I am sorry and do not want to rain on the parade but there are some really big issues and egos that need to be conquered before you can start to get some runs on the board with this project. 

Don't get me wrong, I would absolutely love to see this happen. But I really think we need to get some highly respected people like maybe Rick Shine, Hal Cogger, John Weigel, Gavin Bedford and others to become part of a united voice or lobby group who may see the merit of this arguement and more importantly, who would support the release of captive bred progeny to private enthusiasts. 

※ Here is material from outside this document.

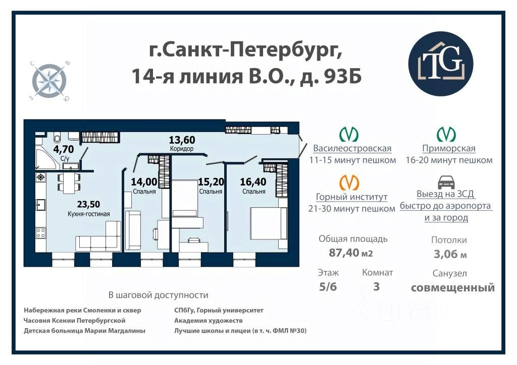 Шаговые расстояния до всего важного: Набережная реки Смоленки и сквер для прогулок с видом на воду, Часовня Ксении Петербургской, Детская больница Марии Магдалины, СПбГУ, Горный университет, Академия художеств, лучшие школы и лицеи (в т.ч. ФМЛ N30).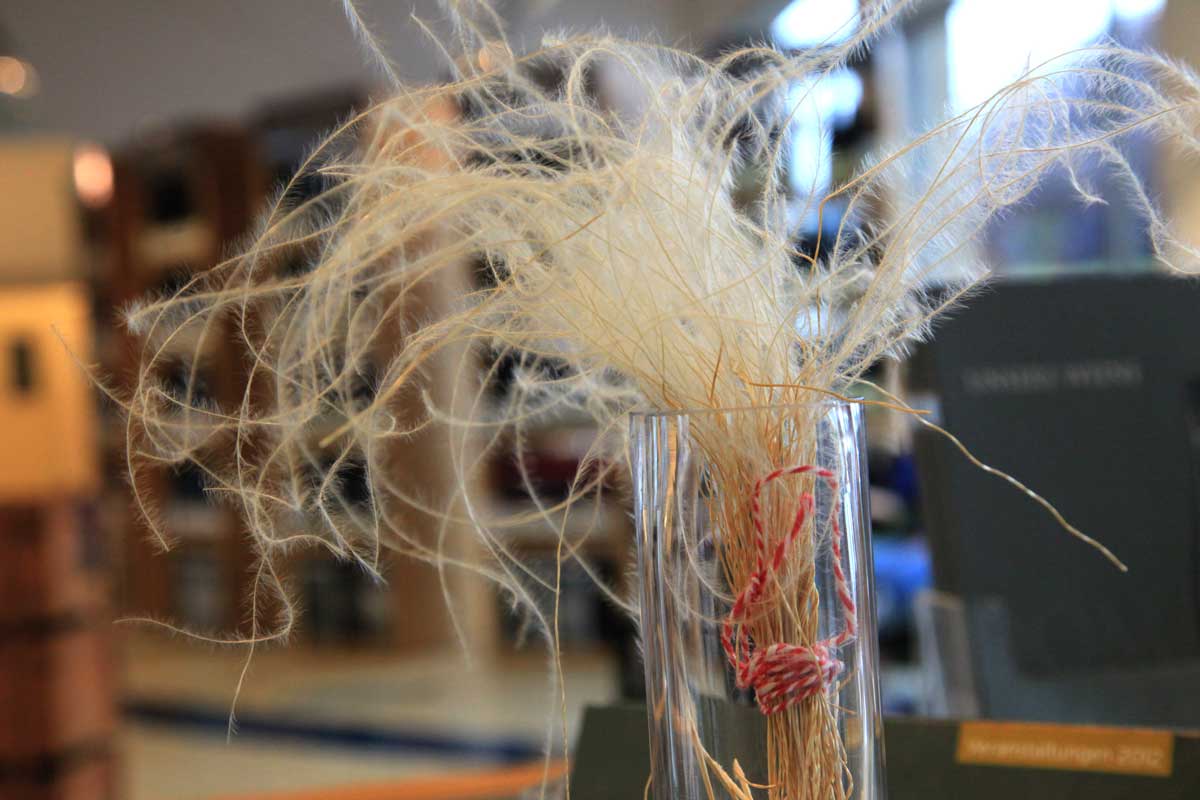 l.o.: Ein Büscherl Steinfeder im Kostraum der Domäne

I am told that an organisation already exists under the auspices of the Aquariums Zoos and Wildlife parks association that actually does discuss and make recommendations to various governments on policy relating to this very topic. I am also told some very high profile and highly regarded individuals who have had the opportunity to assist with the release of additional species to the private sector have been the most vocal in opposing said release to private individuals. 

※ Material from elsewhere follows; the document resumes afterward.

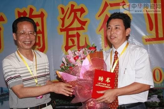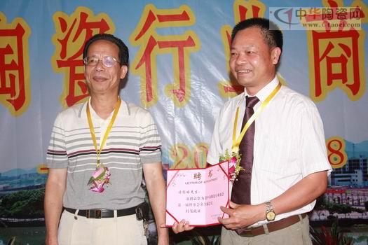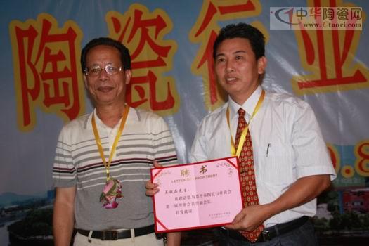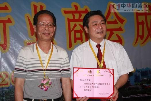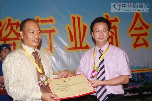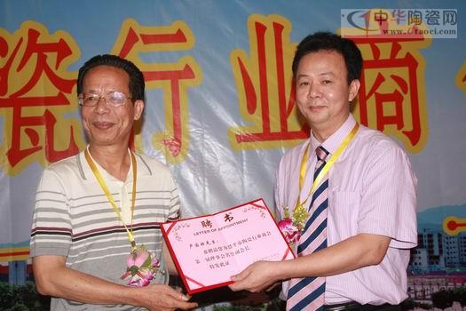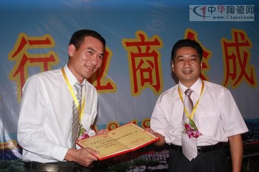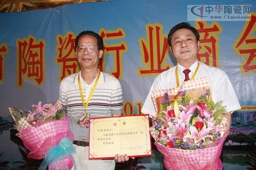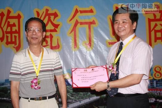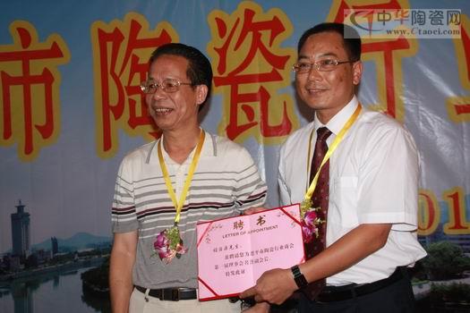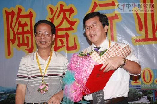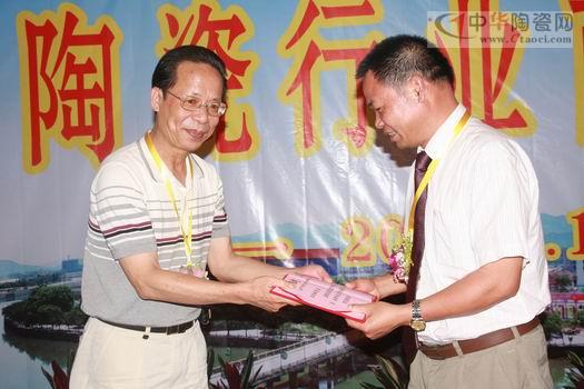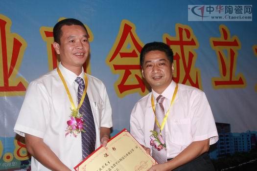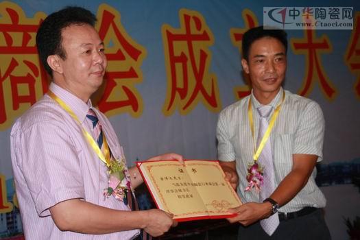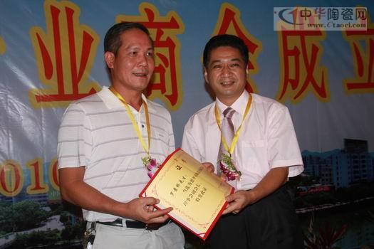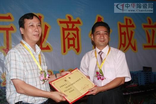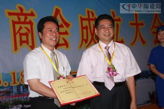 恩平市委书记、市人大常委会主任魏志平为当选的市陶瓷行业商会第一届理事会会长叶荣崧颁发证书。
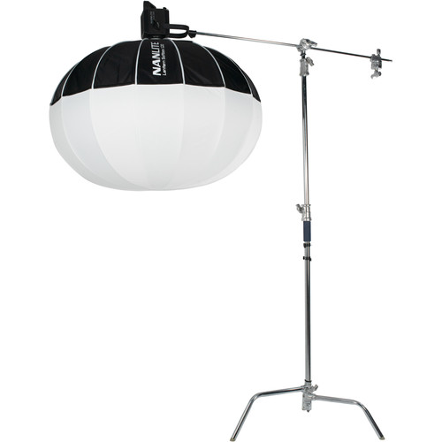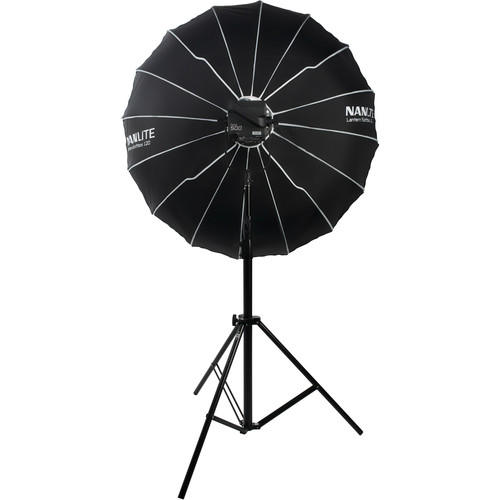 Ideal for hanging overhead on a boom, the 47″ Lantern Softbox from NanLite is a near omni-directional light source that spreads light over a 270° area to increase ambient light or to provide the type of overhead lighting you’d see at a table in a restaurant or club. The Lantern comes with a Bowens speed ring that besides NanLite,

So what hope or chance do we realistically expect to have with a project such as the oenpelli python when these sorts of barriers exist. I would be happy to participate in any way I could as I see this as a massive issue for the future of herpetoculture in this country.


----------



## Waterrat (Jul 16, 2010)

Taking animals into captivity is certainly going to a hurdle as longirostris pointed out but I think even bigger hurdle will be making the bureaucrats to realise that making money from captive bred wildlife is not a crime. At the moment it is, people have been prosecuted. I was told on several occasions by the QPWS that "no commercialisation of protected fauna will be allowed". That even applies to commercial photography; the QPWS charges slightly over $100.- (I don't have the exact figure) per day for shooting in any NP. I ask - who is the entrepreneur here?
Why is there difference in conservation / commerce approach to snakes and lizards than there is to crocodiles? Once on the brink of extinction, within two decades the species became the best protected reptile in the country AND we have a thriving crocodile industry along the side of it. Why can't we do the same with the rest of reptiles (and other vertebrates)?


----------



## Jonno from ERD (Jul 16, 2010)

Waterrat said:


> people have been prosecuted.


 
G'day Michael,

Any further info on this?

Cheers


----------



## Waterrat (Jul 16, 2010)

No, it's an old stuff, that guy in Brisbane and others.


----------



## cement (Jul 16, 2010)

JW and ARP have just secured the site for a large Tassie Devil breeding. In fact you can all help by looking at the website www.devilark.com.au
every person that goes on there helps by getting the numbers up somehow.
We have a few really good examples and "precedents" now in place to be able to use as ammunition for this type of plan.


----------



## Waterrat (Jul 16, 2010)

Another "precedent" is the Lake Echam Rainbowfish. Extinct in the wild, a thriving population discovered in aquarium of amateur fish enthusiasts in Victoria. Unfortunately the species cannot re-introduced into the lake (as yet) but it's safe from extinction.


----------



## Pythoninfinite (Jul 16, 2010)

Longirostris is absolutely correct in his comments, but I don't think those hurdles come as any surprise to those of us who know the bureucracies. There is also opposition from within our own ranks, and that might just not be apparent in the early stages of any negotiation.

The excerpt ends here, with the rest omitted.